Une quinzaine d'autres véhicules ont été détruits par la déflagration, selon les images diffusées par les chaînes de télévision turques. La grille du poste-frontière turc et des éléments du toit qui recouvrait le bâtiment ont été soufflés par l'explosion.

Des dizaines d'ambulances ont été dépêchées sur place en provenance de la localité voisine de Reyhanli, dans la province turque d'Hatay.

Un porte-parole du ministère des Affaires étrangères a écarté l'hypothèse d'un tir de mortier ou d'un obus pour expliquer l'explosion et évoqué l'hypothèse d'un kamikaze, sans plus de détail. «Il est trop tôt pour tirer la moindre conclusion, l'enquête est toujours en cours», a-t-il déclaré à l'AFP sous couvert de l'anonymat.

Le poste-frontière de Cilvegozu est un important point de passage entre les deux pays, fréquenté par de nombreux camions. «Le secteur touché par l'explosion est utilisé par les organisations humanitaires pour transférer leurs chargements d'un véhicule à un autre», a expliqué le directeur régional des douanes turques, Adnan Korkmaz, cité par l'agence de presse Anatolie.

Cette explosion est l'incident le plus grave intervenu à la frontière entre la Syrie et la Turquie depuis la chute, au début du mois d'octobre dernier, d'un obus tiré par l'armée fidèle au président syrien Bachar al-Assad sur le village frontalier turc d'Akçakale, plus à l'est, qui s'était soldé par la mort de cinq civils turcs.

À la suite de cet épisode, l'armée turque avait riposté à plusieurs reprises à des tirs d'obus visant son territoire en ouvrant le feu sur des positions de l'armée syrienne, faisant craindre un embrasement de la région. La tension est retombée depuis à la frontière entre les deux pays, désormais tenue côté syrien par des unités rebelles de l'Armée syrienne libre (ASL).

L'explosion de lundi intervient également dix jours après un attentat suicide contre l'ambassade des Etats-Unis à Ankara, qui s'est soldé par la mort du kamikaze et d'un agent de sécurité turc. Cet attentat a été revendiqué par un groupe d'extrême gauche turc interdit, le Parti/Front révolutionnaire de libération du peuple (DHKP-C).

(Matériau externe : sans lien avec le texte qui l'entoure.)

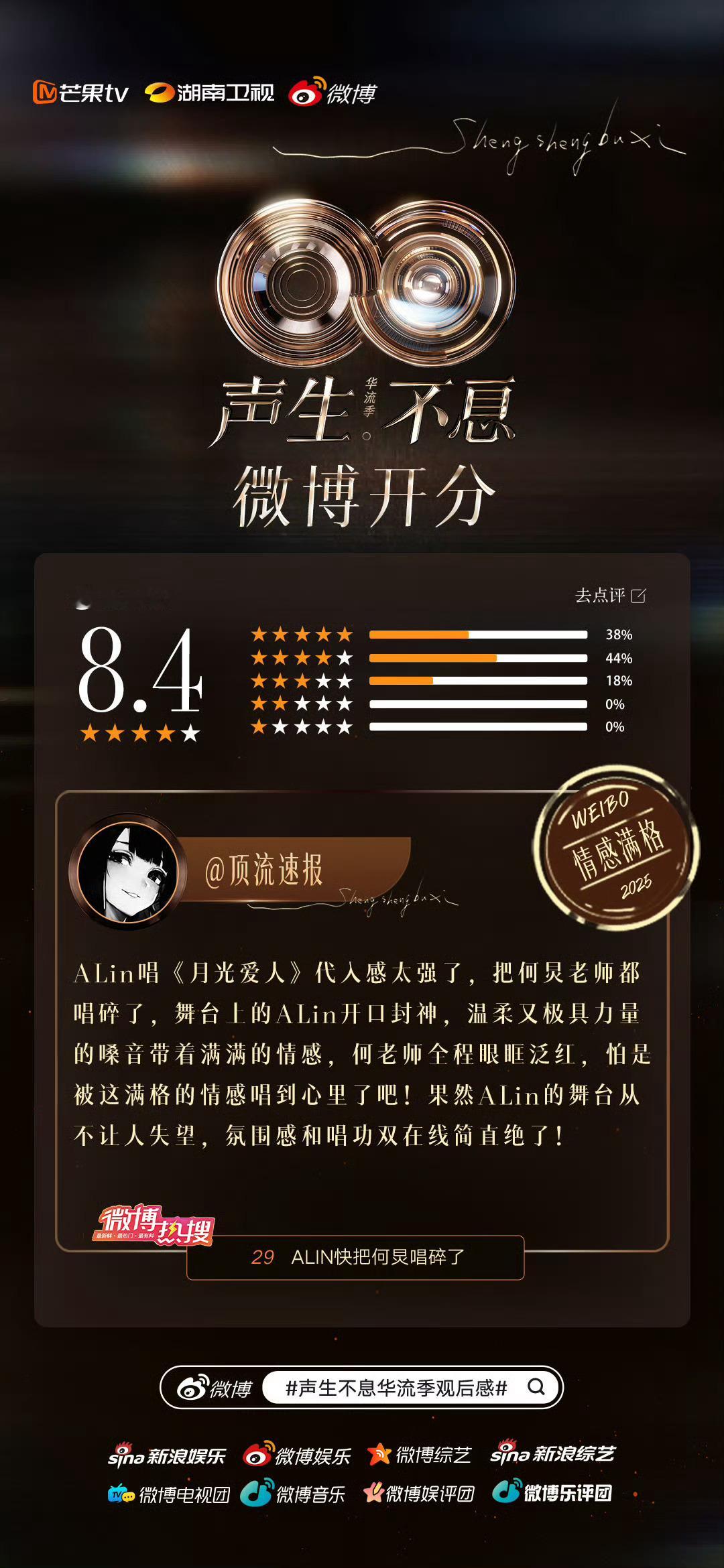 声生不息华流季微博开分8.4 恭喜《声生不息 》微博开分8.4分两岸三地带来的经典华流歌曲真的对我耳朵很好声生不息华流季

Les États-Unis, l'Allemagne et les Pays-Bas ont déployé le mois dernier sur le sol turc, dans le cadre d'une mission de l'Otan, six batteries de missiles sol-air Patriot destinées à protéger la Turquie d'une éventuelle attaque venue de Syrie.

Après l'avoir longtemps soutenu, la Turquie a tourné le dos au régime du président Assad, dont elle réclame avec insistance le départ.

Les autorités d'Ankara accueillent aujourd'hui près de 200.000 réfugiés syriens qui ont fui les combats dans leur pays.